Great! This is the directory "%SYSTEMDRIVE%\ProgramData\BOINC\" for vista.

I think you're starting from the "ProgramData" correct?


----------



## FordGT90Concept (Oct 22, 2009)

It is using the equivilent of:

%ALLUSERSPROFILE%\BOINC\


----------



## Mindweaver (Oct 22, 2009)

FordGT90Concept said:


> It is using the equivilent of:
> 
> %ALLUSERSPROFILE%\BOINC\



Yea, should work then.

I just like painting the whole picture for M$... lol


----------



## FordGT90Concept (Oct 22, 2009)

Try the beta 2 I uploaded.  See if it properly creates the cc_config.xml if it is not present.


----------



## Mindweaver (Oct 22, 2009)

I just tried beta 2. Scenario one is fixed, but two is still an issue.


----------



## FordGT90Concept (Oct 22, 2009)

What's the path it displays and what is wrong with it?


----------



## Mindweaver (Oct 23, 2009)

"Second scenario, I deleted the cc_config.xml file, and ran your file. It did not create the file or prompt me that it didn't complete successful."
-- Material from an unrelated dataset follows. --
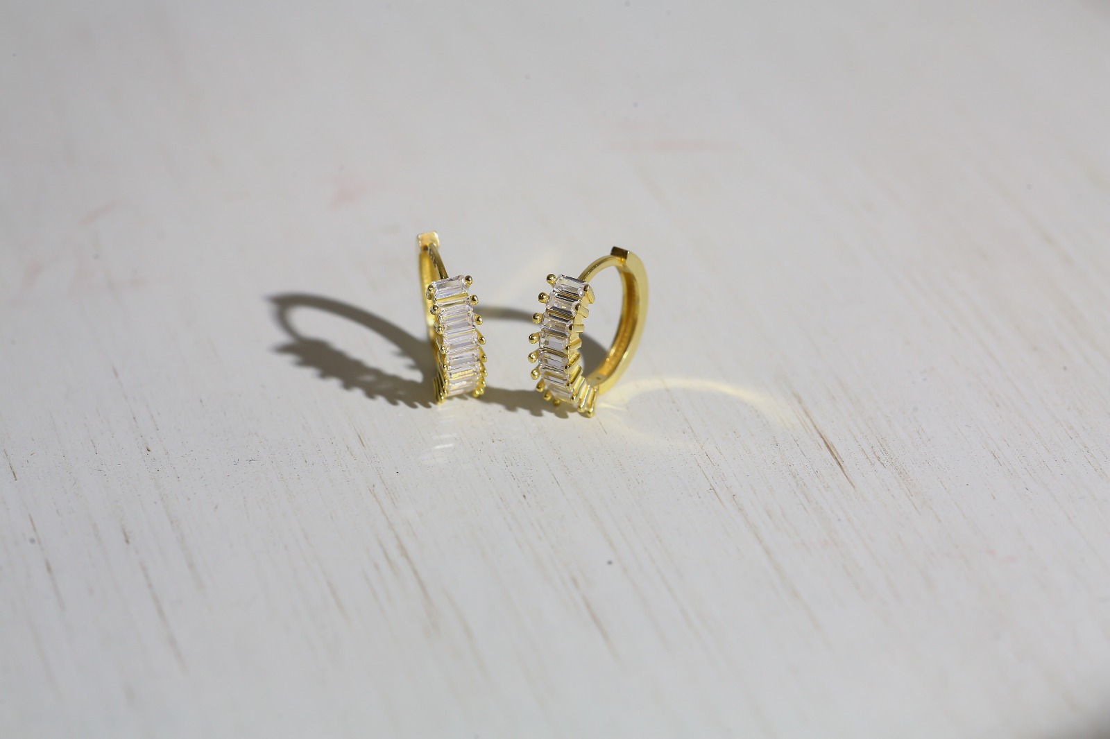 Altın kaplama 925 ayar gümüşten üretilen bu baget taşlı halka küpe, sade ve şık tasarımıyla her stile uyum sağlar.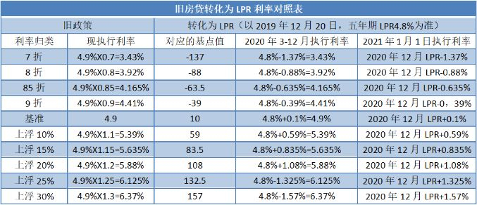 此时,再结合2021年后的LPR,便可得出新的利率。具体的公式为2020年12月公布的“LPR”值加上对应的基点。

It says update successful.. but when you press any key... I doesn't create the file.


----------



## FordGT90Concept (Oct 23, 2009)

It should say the full path to the file it created just above that.  Is that path correct?  If so, is the file sitting where it says it is?


----------



## Mindweaver (Oct 23, 2009)

Ok over looked the path.. It's pointing to C:\Program Files (x86)\BOINC\cc_config.xml. Change that path to "%SYSTEMDRIVE%\ProgramData\BOINC\".


----------



## FordGT90Concept (Oct 23, 2009)

If it has always been finding that file, it won't create the file in %ALLUSERSPROFILE%.

You can type "echo %ALLUSERSPROFILE%" in cmd if you want to double check that it points to C:\ProgramData


----------



## Mindweaver (Oct 23, 2009)

So, if the user has to uninstall the manager and reinstall. Then run the Ez config it won't update? 

Yea i know %allusersprofile% works.. you don't need to echo.

You're pointing to the Programs folder (x86), not the %allusersprofile%. Sorry, not trying to be a smart a$$.. I'm just tired ... Been writing SQL queries... :d


----------



## FordGT90Concept (Oct 23, 2009)

It does impose a problem, yeah, because without knowing the version of BOINC, I don't know where BOINC expects the xml file.  I suppose I could always create the file (in %allusersprofile%) even it doesn't exist but that leaves those who have it in the program files high and dry.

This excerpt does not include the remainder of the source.